> Records for this task:
<<<<

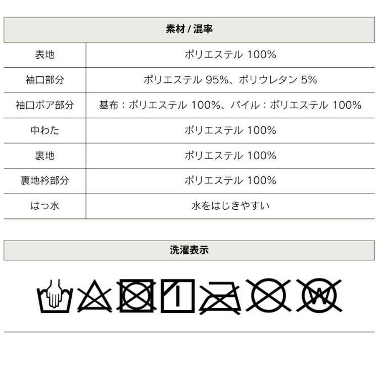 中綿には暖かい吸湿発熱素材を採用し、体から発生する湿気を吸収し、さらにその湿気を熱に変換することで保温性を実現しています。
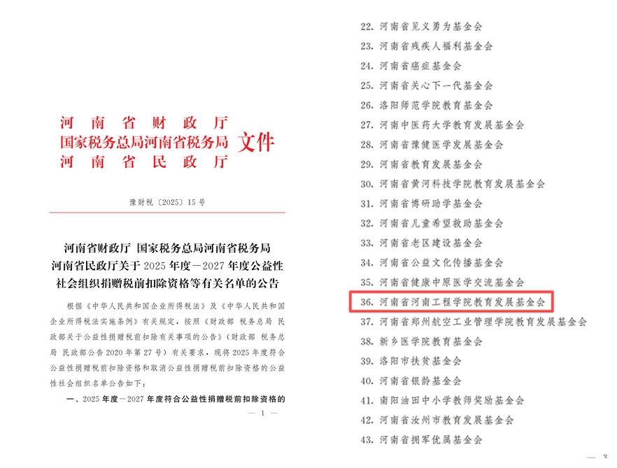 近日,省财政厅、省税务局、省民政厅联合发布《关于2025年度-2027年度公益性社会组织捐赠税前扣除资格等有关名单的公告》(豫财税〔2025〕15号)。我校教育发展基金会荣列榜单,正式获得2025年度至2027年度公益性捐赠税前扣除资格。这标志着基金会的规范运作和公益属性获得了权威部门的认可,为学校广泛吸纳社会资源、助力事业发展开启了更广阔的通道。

>>>>
<<<<

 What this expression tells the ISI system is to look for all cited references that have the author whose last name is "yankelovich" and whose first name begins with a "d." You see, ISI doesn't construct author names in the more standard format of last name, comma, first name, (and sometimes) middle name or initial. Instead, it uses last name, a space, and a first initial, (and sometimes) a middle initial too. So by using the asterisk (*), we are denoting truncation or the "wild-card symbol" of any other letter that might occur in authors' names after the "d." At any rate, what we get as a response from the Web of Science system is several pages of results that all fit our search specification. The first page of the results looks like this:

>>>>
<<<<

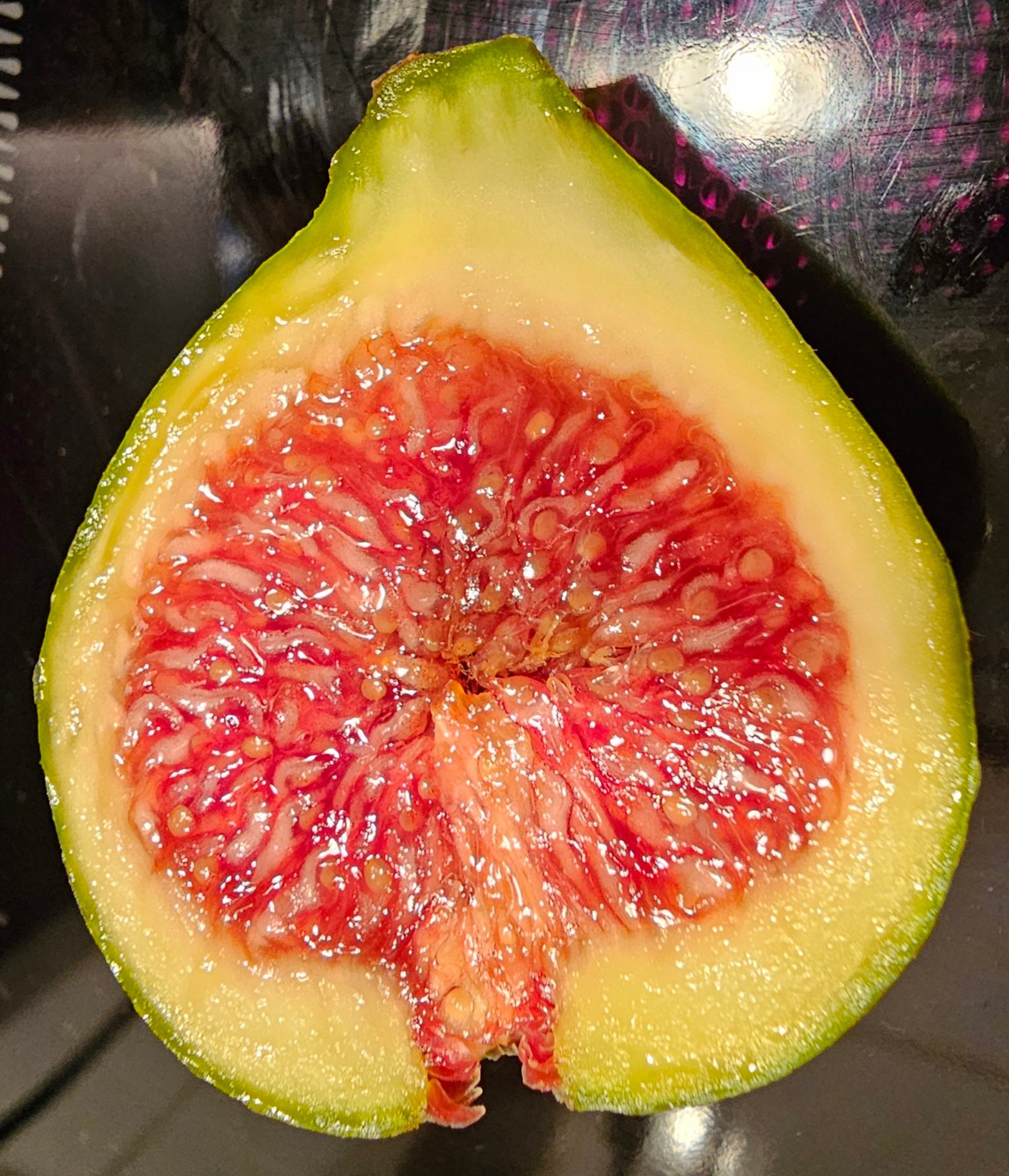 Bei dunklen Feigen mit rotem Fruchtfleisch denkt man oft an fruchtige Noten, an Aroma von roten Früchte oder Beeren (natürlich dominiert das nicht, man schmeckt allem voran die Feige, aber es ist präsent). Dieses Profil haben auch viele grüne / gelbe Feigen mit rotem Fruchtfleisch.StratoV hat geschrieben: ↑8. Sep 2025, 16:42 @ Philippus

>>>>

> Problem statement:
The output is the stretch above from the line with "中綿には暖かい吸湿発熱素材を" through the line with "近日,省财政厅、省税务局、省", copied word for word with both ends kept and every picture dropped.

> Response box:
 中綿には暖かい吸湿発熱素材を採用し、体から発生する湿気を吸収し、さらにその湿気を熱に変換することで保温性を実現しています。
 近日,省财政厅、省税务局、省民政厅联合发布《关于2025年度-2027年度公益性社会组织捐赠税前扣除资格等有关名单的公告》(豫财税〔2025〕15号)。我校教育发展基金会荣列榜单,正式获得2025年度至2027年度公益性捐赠税前扣除资格。这标志着基金会的规范运作和公益属性获得了权威部门的认可,为学校广泛吸纳社会资源、助力事业发展开启了更广阔的通道。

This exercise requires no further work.